No weighting can address the core problem: the sentences are non-overlapping sets of words.

We will see one powerful alternative to this problem when we consider word-embedding approaches.

Cosine Similarity Example

Does public opinion affect political speech? (Hager and Hilbig, 2020)

Does learning about the public’s attitudes on a political issue change how much attention politicians pay to that issue in their public statements?

Set up:

  • Politicians in Germany have historically received public opinion research on citizens’ attitudes

  • Release of the polling data is exogenously determined, providing causal identification (via a regression-discontinuity design)

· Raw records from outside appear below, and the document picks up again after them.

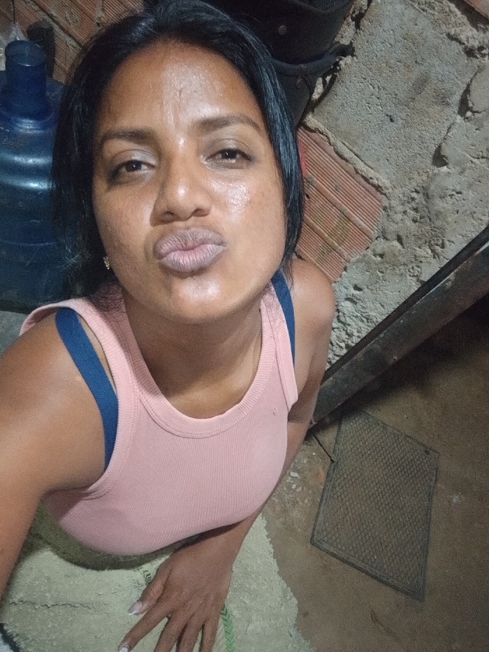 A woman poses for a selfie, puckering her lips. She wears a light pink tank top with visible dark blue bra straps. A large blue water jug is partially visible in the background. The setting appears to be a rustic or unfinished indoor space, with textured brick walls and a dark, possibly metallic, object in the top right corner. A metal grate lies on the floor. Her nails are painted white.
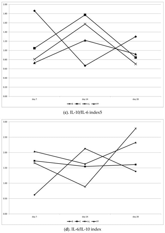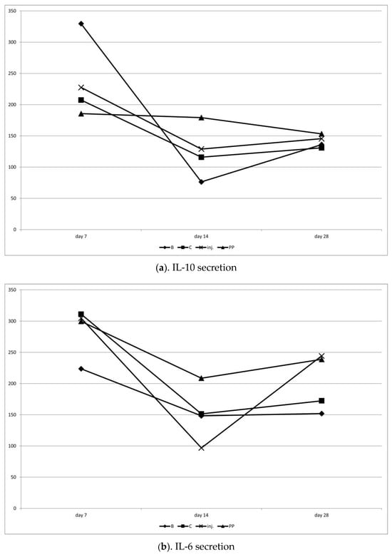 After the injection on day 7, a slight IL-6 dominance was observed, followed by a reversal of this ratio in favor of IL-10 on day 14, and then a return to IL-6 dominance in the final observation on day 28 (p < 0.1). The injection had the least stable influence on IL-6 secretion.
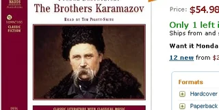 На данный момент, заказать британскую аудиокнигу можно в интернет-магазине Amazon за $44,56. Роман Достоевского озвучил известный английский актер Том Пиготт-Смит, которого знают по фильмам Александр, V значит Вендетта и Алиса в Стране Чудес.
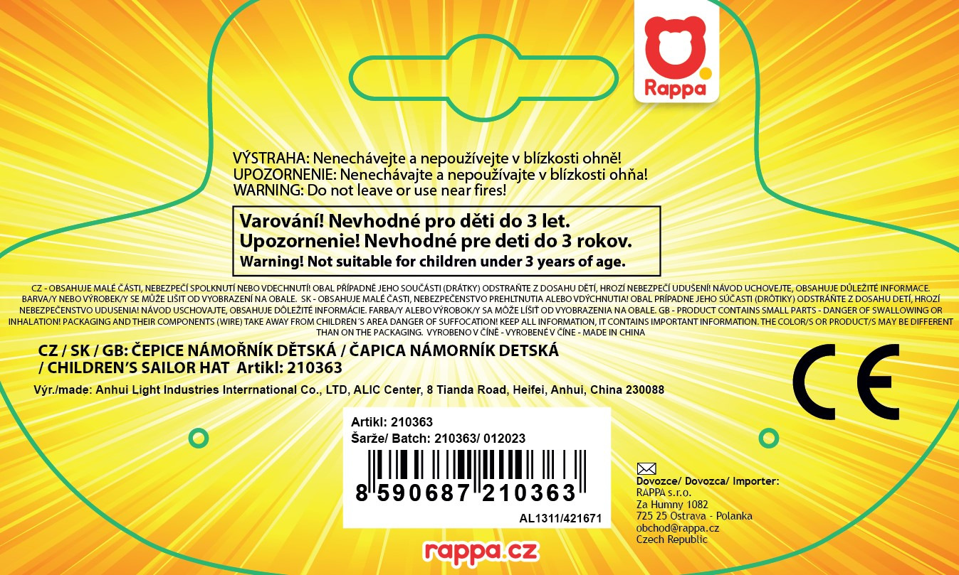 Rappa Dětská čepice námořník bílá
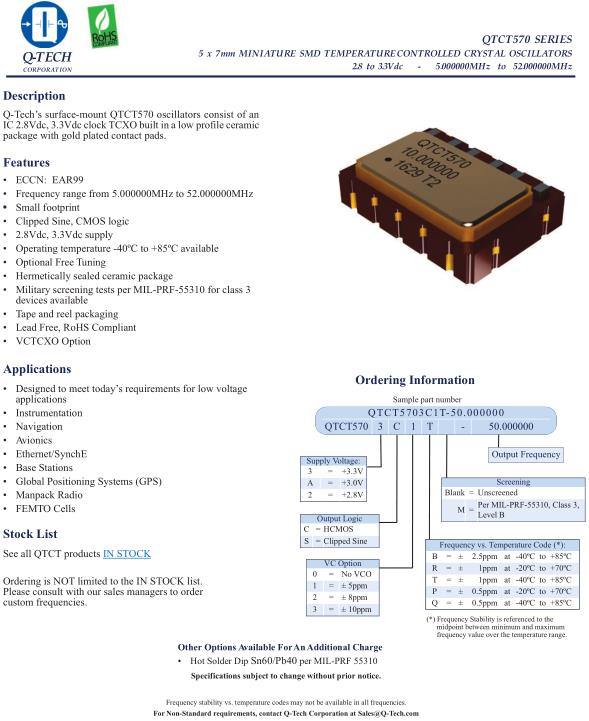 Q-Tech晶振,QTCT570晶振,QTCT5703C1T-24.000000晶振

  • Strategy: Measure the linguistic (cosine) similarity between reports summarising public opinion and political speeches

Cosine Similarity Example

Implication: Public statements of politicians move closer to summaries of public opinion after publication of polling research.

Break

Difference

Detecting discriminating words

Sometimes we want to characterise differences between documents, not just measure the similarity.

We want to find a set of words that conveys the distinct content between documents.

We might be interested in, for example, how language use differs between…

  1. …politicians on the left and the right (Diermeier et. al., 2012)

  2. …male and female voters (Cunha, et. al., 2014)

  3. …blog posts written by people in different geographic regions (Eisenstein et. al., 2010)

Identifying discriminating words between groups is useful because these words tend to help us characterise the type of language/arguments/linguistic frames that a group employs.

Word clouds

The high-dimensional nature of natural language means that often the best methods for detecting discriminating words are those that allow us to visualise differences between groups.

A very common method for visualising corpus- or group-wide word use is via a word cloud.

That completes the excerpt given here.